Of course, no mainstream African political party openly admits to using tribal loyalty as a way of winning votes, but too often the systems of government encourage and reward politicians who exploit ethnic divisions in do-or-die struggles for power.

Kenya knows this. It rebuilt its constitution in the wake of the bloody 2007-08 elections that nearly burned the country to the ground.

Nigeria understands tribal politics too. And Zimbabwe. And a host of other countries who’ve all struggled to put the politics of ethnicity behind them.

‘Consensual politics’

So in redesigning its government, Rwanda’s constitutional draftsmen carefully pulled apart all the traditional systems that encouraged “adversarial politics”, and replaced them with ideas aimed at creating “consensual politics”.

They binned the idea of local constituencies, and replaced it with a single national constituency all Rwanda’s parliamentarians represent the entire country.

That means there are no local contests for power, no opportunities for politicians to mobilise ethnic loyalties in exchange for votes.

And instead of choosing among individual candidates, voters simply put a tick beside their preferred party.

The more votes any one party gets, the more of its nominees cross the threshold into parliament.

The system of proportional representation means it is much easier for minor parties to get elected, and makes it a contest between political philosophies rather than individual personalities.

The electoral cycles for each layer of government are quite deliberately out of sync.

Parliament goes to the polls every five years the presidency is up for election every seven years.

The term of a senator is eight years, and they are replaced in a complicated system that ensures the Senate is never completely dissolved.

Not-perfect system

It all means Rwanda never has to go through a winner-takes-all election.
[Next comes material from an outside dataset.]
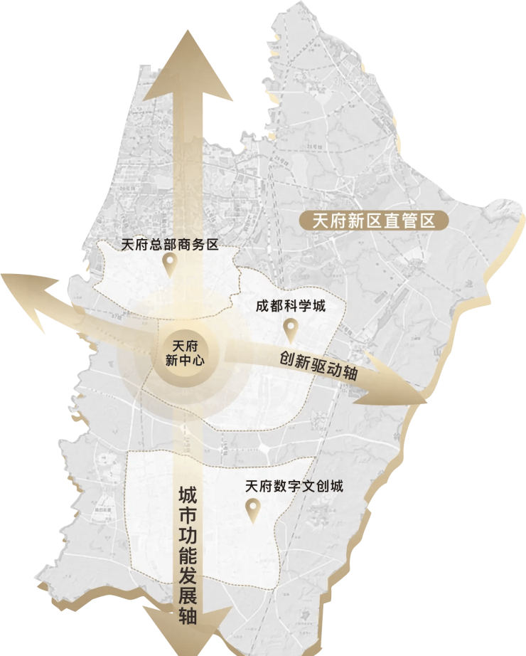 天府新区是由国务院正式授牌的国家级新区,承担着国家重大发展和改革开放战略任务。秉承成都“一城双核”的发展战略,天府新区直管区重点打造三大产业功能区,着力构建“成都未来城市新中心、成渝地区双城经济圈创新极核和开放门户、国家级新区高质量发展样板和中国式现代化公园城市先行区”。

And just to ensure no party dominates government, the speaker of the house must be from a different party to the president and no party can occupy more than 50 percent of the cabinet positions.

The system is not perfect. To critics of the ruling Rwandan Patriotic Front, the idea of “consensus politics” is another way of saying “we won’t tolerate anyone who disagrees with us”.

And because the RPF is so dominant, it has access to vastly more resources than any of its smaller rivals.

It will always be able to outspend the minor parties in national campaigns.

There is also a more sinister side to Rwandan politics.

Several parties and human rights groups complain that the government uses laws prohibiting “genocide ideology” as a way of locking up its critics, and there have been disturbing reports of dissident politicians and journalists being beaten, imprisoned or even murdered.

But the fundamental point remains: Rwanda has taken a hard look at what divides African countries, and come up with ideas designed to unite.

The experiment is only in its 10th year, and things could still go horribly wrong. But it is an experiment worth watching.